Among the species studied, none of the P. aeruginosa or Shigella species in our dataset were predicted to be auxotrophic, despite extensive reports for amino acid auxotrophy across P. aeruginosa strains isolated from cystic fibrosis patients and a predominant niacin auxotrophy in Shigella strains (3, 14). Instead, we found that CEGs were highly conserved. Niche adaptation through small-scale loss-of-function mutations has been observed in strains including P. aeruginosa and Shigella (52–54). This result emphasizes that, in order to study auxotrophy development in host-adapted strains, future efforts should expand our workflow for the prediction of bacterial nutrient requirements (which is currently limited to the identification of genetic lesions at the gene level) to account for smaller-scale deleterious mutations. Here, we do not attempt to predict pseudogenization events, as this would constitute an effort of its own. However, for proof of concept, we demonstrate one such analysis for the well-known case of niacin auxotrophy in Shigella, extending it to all strains in our dataset.

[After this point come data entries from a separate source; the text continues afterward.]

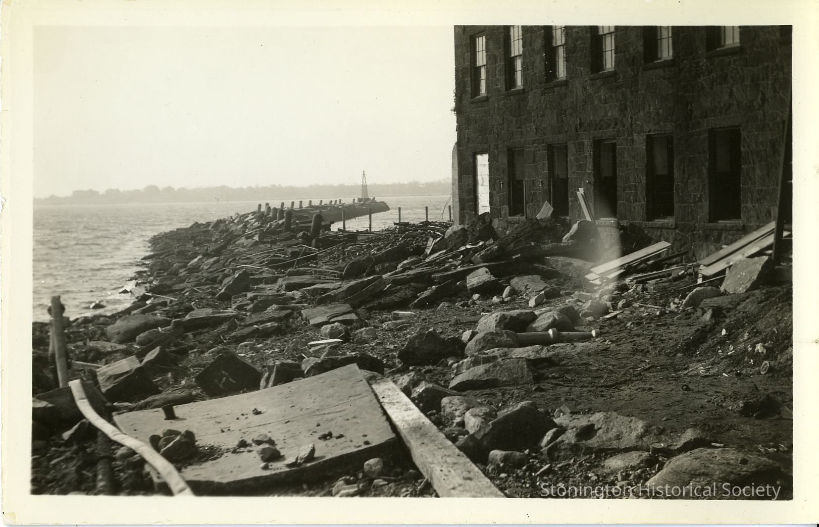 Back (harborside) of Atwood Machine Co. showing destruction View also shows the Atwood breakwater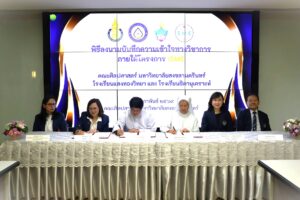 ในโอกาสนี้ ผู้บริหารจากทั้งสามฝ่ายได้ร่วมลงนามในบันทึกข้อตกลงความร่วมมือ โดยได้รับเกียรติจาก ดร.พนิดา สุขศรีเมือง คณบดีคณะศิลปศาสตร์ ลงนามในนามฝ่ายมหาวิทยาลัยสงขลานครินทร์ บาทหลวงรณชัย มัทวพันธุ์ ผู้อำนวยการโรงเรียนแสงทองวิทยา ลงนามในนามฝ่ายโรงเรียนแสงทองวิทยา และซิสเตอร์ศรีสุดา สุทธิรัตนากร ผู้อำนวยการโรงเรียนธิดานุเคราะห์ ลงนามในนามฝ่ายโรงเรียนธิดานุเคราะห์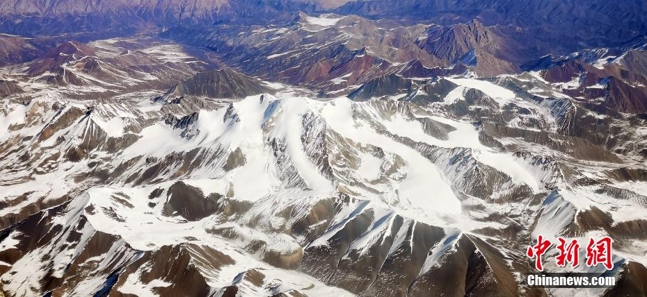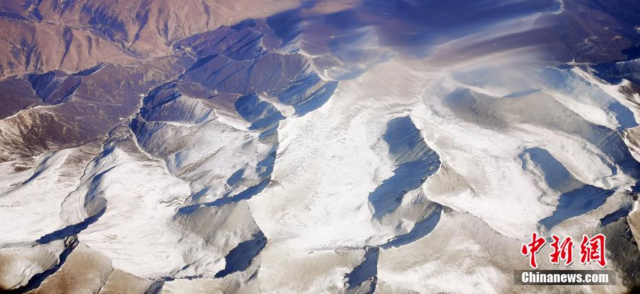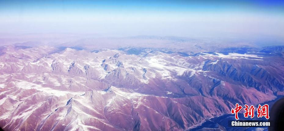 11月9日,記者從萬米高空俯瞰祁連山,雪域之巔造型各異,氣勢(shì)恢宏的雪山棱角分明,在皚皚白雪的覆蓋下,山巔似撒了一把把“椒鹽”,陽剛與陰柔之美相得益彰,高原湖泊如藍(lán)寶石般鑲嵌在祁連山脈,更有藍(lán)天、白雪、黃沙和諧同框的奇觀,宛如張張“水墨丹青”的油彩畫,看“醉”空中旅人。 魏建軍 攝

Causal loss of function mutations in nadB (including A28V, D218N, and G74E) and in nadA (including W299X, P219L, C128Y, C113A, C200A, C297A, and A111V) result in a niacin requirement in natural strains of E. coli, Shigella, and S. enterica (14, 43, 55). We searched our dataset for these mutations and found a total of 71 strains carrying at least one of the validated SNPs and/or an indel or deletion of more than 10 amino acids (which are likely to result in protein structural variations and which we assume to be deleterious) (56, 57). The affected species were Shigella flexneri, S. enterica, Shigella sonnei, E. coli, Shigella dysenteriae, Shigella boydii, Yersinia enterocolitica, Y. pestis, and Yersinia rohdei, and the SNPs found included A111V, C128Y, and P219L (nadA) and A28V and D218N (nadB). (Fig. 5A). Interestingly, subsets of deleterious mutations were restricted to different species. For example, C128Y and A111V mutations were restricted to S. flexneri strains, D218N and P219L were restricted to S. dysenteriae strains, and A28V was restricted to E. coli strains (Dataset S5). While the A111V mutation was initially described in S. enterica serovar Dublin, we only identify it here in strains of S. flexneri (55). Additionally, we observe 16 S. enterica serovar Enteritidis strains to carry large deletions in either nadA or nadB (or both in the case of 5 strains). These results demonstrate that convergent evolution may have led to loss of the nicotinate biosynthesis capability across species. That the deleterious mutations were maintained across descendants indicates that a niacin requirement confers a selective advantage, an observation which is also supported in Amino Acid and Vitamin Auxotrophies Confer a Fitness Advantage In Vivo.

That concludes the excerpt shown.